Compute logits for the final layer N and all preceding layers n

Model or implementation: Various LLMs (Gemma, Qwen, Mixtral)

Gradient Approximation (Latent Knowledge Extraction)

Identify which tokens align with the 'evolution' direction from early to late layers

Model or implementation: Mathematical Operation

Latent Distribution Aggregation (Latent Knowledge Extraction)

Combine layer-wise estimates into a single robust target distribution

Model or implementation: Weighted Average

Logit Updater

Adjust the final layer logits to minimize divergence from the estimated latent distribution

Model or implementation: Gradient Descent Step

Novel Architectural Elements

Ensemble-based layer contrasting: Instead of picking one 'premature' layer (like DoLa), SLED aggregates signals from *all* early layers weighted by their alignment with the final layer.
Gradient-based logit refinement: Formulates decoding as an optimization step minimizing KL divergence between current logits and an estimated 'truth' distribution.

Modeling

Base Model: Evaluated on Gemma-3, Qwen-3, GPT-OSS, Mixtral (Sizes: 1B to 45B)

Comparison to Prior Work

vs. DoLa: SLED ensembles *all* early layers rather than selecting one, avoiding performance degradation seen in DoLa when the candidate set is too large.
vs. DoLa: SLED uses a gradient-based update (soft evolution) rather than a hard subtraction/contrast.
vs. ITI: SLED operates on logits (output space) rather than internal attention activations (feature space) and requires no probing dataset [not cited in paper].

Limitations

Computational overhead of computing logits for all layers (mitigated by only updating top-k tokens)
Relies on the assumption that the 'evolution' direction (early -> late) generally points towards truth, which may not hold for all hallucination types
Does not use external knowledge, so it cannot correct hallucinations where the model lacks the underlying knowledge entirely

Reproducibility

No replication artifacts mentioned in the paper. Code URL is not provided. The method is described mathematically, allowing for reimplementation by experts, but specific hyperparameters for the 'soft estimation' (squaring mean values) and 'evolution scale' (top-k selection) would require tuning.

📊 Experiments & Results

Evaluation Setup

Zero-shot factuality evaluation across diverse tasks

Benchmarks:

TruthfulQA (Multiple-choice factuality)
FACTOR (Factuality evaluation (News/Wiki))
StrategyQA (Reasoning / Question Answering)
GSM8K (Chain-of-Thought Reasoning)

Metrics:

Accuracy (Acc)
Factual Accuracy
Statistical methodology: Not explicitly reported in the paper

Experiment Figures

A visual demonstration of how SLED downweights incorrect tokens compared to standard decoding.

Main Takeaways

SLED consistently improves factual accuracy compared to standard decoding and DoLa across varied model sizes (1B-45B).
The method is robust to the choice of layers, unlike DoLa which is sensitive to the candidate layer set size.
The 'soft estimation' strategy (using a target distribution) outperforms 'hard estimation' (picking a single token), suggesting preserving uncertainty is beneficial.
SLED works synergistically with other decoding strategies, capable of being combined for further gains.

📚 Prerequisite Knowledge

Prerequisites

Transformer architecture (layers, hidden states, logits)
Contrastive Decoding
Kullback-Leibler (KL) Divergence
Gradient Descent

Key Terms

Logits: The raw, unnormalized scores output by the final layer of a neural network before the softmax function is applied.
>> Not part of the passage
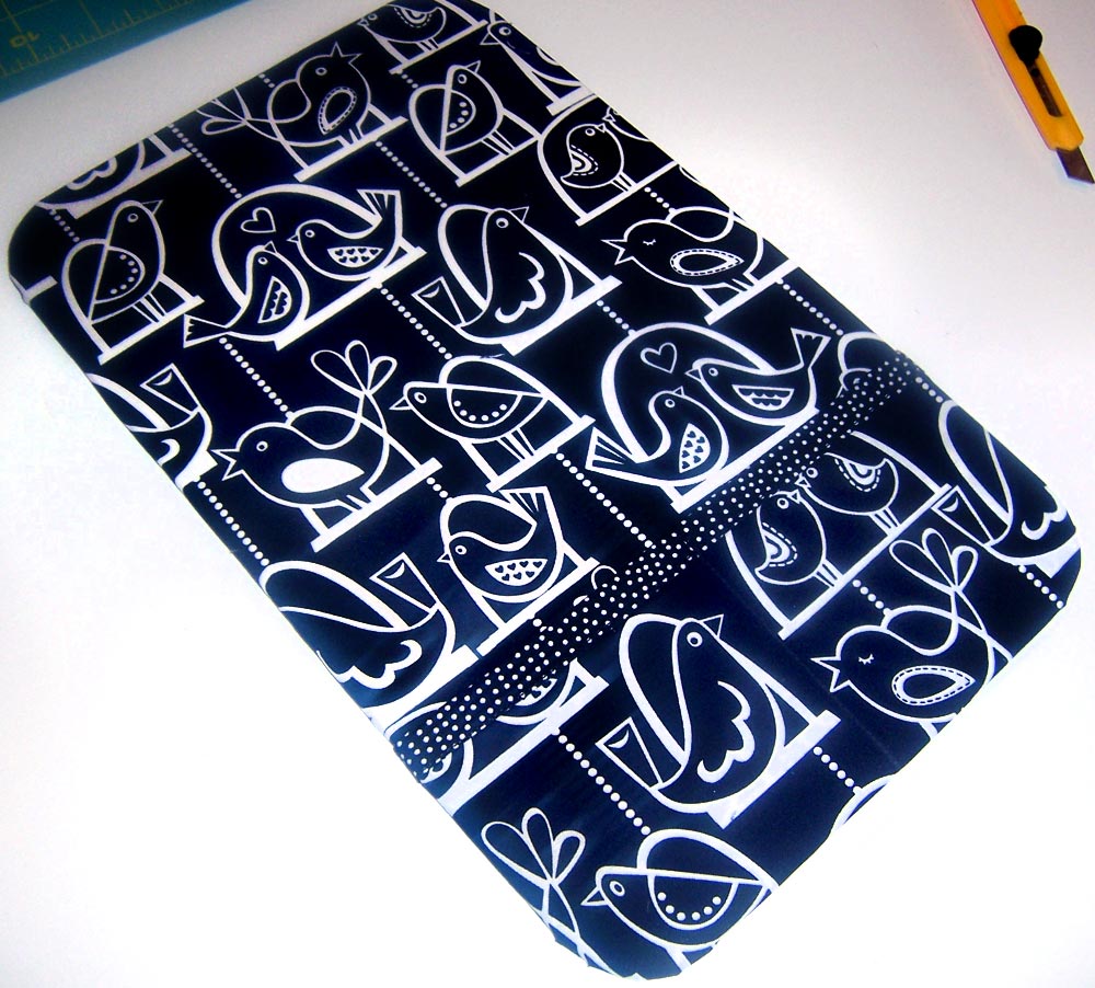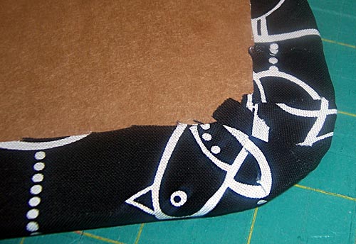 - Wrap the raw edges of the fabric panel around the cardboard and iron in place, clipping the corners of the fabric as needed to easy the fabric and create a smooth edge. Iron again from the front (the covered side) to secure the fabric to the finished side of the cardboard.

KL Divergence: A statistical measure quantifying how one probability distribution differs from a second, reference probability distribution.
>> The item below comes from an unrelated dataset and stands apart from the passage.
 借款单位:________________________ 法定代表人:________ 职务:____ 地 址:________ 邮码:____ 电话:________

DoLa: Decoding by Contrasting Layers—a prior method that contrasts the final layer with a specific early layer to amplify factual signals.
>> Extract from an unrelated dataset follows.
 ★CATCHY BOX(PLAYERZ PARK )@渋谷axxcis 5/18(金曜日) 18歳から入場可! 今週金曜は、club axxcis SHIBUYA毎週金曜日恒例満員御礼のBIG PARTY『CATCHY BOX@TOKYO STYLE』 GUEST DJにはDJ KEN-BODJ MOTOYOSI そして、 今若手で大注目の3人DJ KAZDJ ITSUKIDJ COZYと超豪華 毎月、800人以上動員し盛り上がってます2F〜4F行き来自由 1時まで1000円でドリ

Softmax: A function that converts a vector of numbers (logits) into a vector of probabilities that sum to one.

Latent Knowledge: Factual information that is implicitly encoded in the model's internal parameters and hidden states but may not be correctly surfaced in the final output.

Soft Targets: Probability distributions used as targets during training (or here, evolution) that are not simple 0/1 indicators, allowing for uncertainty and richer information.